Mas o mais intrigante, era que mesmo com vários quartos vazios, eu tinha que dividir um quarto com o Paiva, pois os outros quartos tinham... "Outros fins" segundo ele.
Eu ainda não tinha me encontrado com a Irma desde que eu fui "promovido".
E, pelos olhares ansiosos e incrivelmente indiscretos que ela me lançava ás vezes, eu percebia que ela estava ávida para saber o que tinha acontecido.
Mas, infelizmente, eu teria que decepcionar a Irma, porque naquelas últimas semanas eu estava muito atarefado. A promoção tinha me dado alguns benefícios, mas trouxe muito mais malefícios.
Da limpeza do chão à administração, mesmo que velada pelo Paiva, da parte financeira da TN, eu era um tipo de capataz multitarefas daquela boate.
E, a parte boa disso tudo, era que de alguma forma eu e o Paiva estávamos cada vez mais próximos.
Eu não sei precisar exatamente quando essa aproximação começou, mas se isso aqui fosse uma prova de múltipla escolha, eu chutaria essa resposta:
Foi logo depois que eu soube que agora eu era parte do esquema, eu estava limpando o quarto dele (ou nosso, não sei ao certo), quando "esbarrei sem querer" numa pequena coleção de Cd's de vários artistas incrivelmente bons, acompanhada de um pequeno aparelho que aparentava ter uns cento e cinquenta anos. De Kodaline a Walk The Moon, ali tinha de tudo. Com saudades de casa, pus o único cd brasileiro que tinha ali: Canções de Apartamento, Cícero.
Mas, justo na hora em que estava tocando Eu Não Tenho Um Barco, Disse A Árvore, o Paiva apareceu na porta do quarto incrivelmente assustado.
-Você tá maluco? Aqui não pode usar essas coisas não! Além do mais, quem te autorizou a mexer nas minhas coisas?
Eu fiquei paralisado. Não sabia nem o que pensar. Mas, para minha surpresa, ele não me mandou para a Sala de Tortura, nem me deu alguns castigos do mau. Ele se sentou na minha cama e acariciou minha mão. Depois, com uma voz doce e calma, me disse:
-Você gosta de Cícero?
Eu balancei a cabeça, sem reação. Não posso dizer que não estava gostando daquela aproximação toda, mas também não estava amando.
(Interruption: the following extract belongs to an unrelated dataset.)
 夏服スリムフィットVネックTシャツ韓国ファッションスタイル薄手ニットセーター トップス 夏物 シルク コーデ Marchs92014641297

-Então, faremos assim: todos os dias iremos ouvir uma música do Canções de Apartamento. Tem uns outros cd's aí também. Você escolhe.
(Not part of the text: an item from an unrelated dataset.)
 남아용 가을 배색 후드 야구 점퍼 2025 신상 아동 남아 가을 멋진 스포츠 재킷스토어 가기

E desde então, todas as noites antes de dormir ouvíamos uma música da Coleção Secreta dele. Depois daquele dia, ele insistiu que eu o chamasse de João, não mais de Paiva.

Depois de ter limpado a boate e ter cuidado das finanças do dia, e de ter sido chamado de traidor pelas traficadas, eu estava me preparando para dormir quando ouvi um barulho vindo da cama do Paiva, além do som de Kodaline com Talk.
Era algo como... soluços.
Eu nunca tinha visto o Paiva chorar, e isso para mim era algo inédito. Então, eu me levantei e fui verificar com o Paiva o que estava acontecendo.
Quando cheguei lá, encontrei o Paiva deitado em posição fetal no chão, enquanto chorava e se balançava segurando a fotografia de uma menininha com aparentemente oito anos de idade, os olhos verdes, destaque da foto, iguaizinhos aos dele.
Então, eu vi a minha chance de colocar meu plano em ação.
-João, o que está acontecendo?
Ele me ignorou, mas eu não desistiria tão fácil assim, então eu me sentei e tentei abraçá-lo. Ele se desvencilhou de mim.
Ficamos em silêncio por alguns minutos, mas então eu me lembrei da foto amassada nas mãos dele.
-É a sua irmã? Aquela que você matou?
Ele se levantou e sacou a arma tão rápido que não tive nem tempo de reagir, ou de correr.
-Não ouse falar da minha irmã. Da próxima vez, vou te trancar na Sala Da Tortura e fazer questão de arrancar cada resquício de neurônio que sobrar em sua cabeça, entendeu?
Eu não revidei. Tinha sido promovido, por assim dizer, mas ainda era o de menor importância dentre os três. Eu era facilmente substituível. Então eu simplesmente assenti, meio surpreso meio aterrorizado.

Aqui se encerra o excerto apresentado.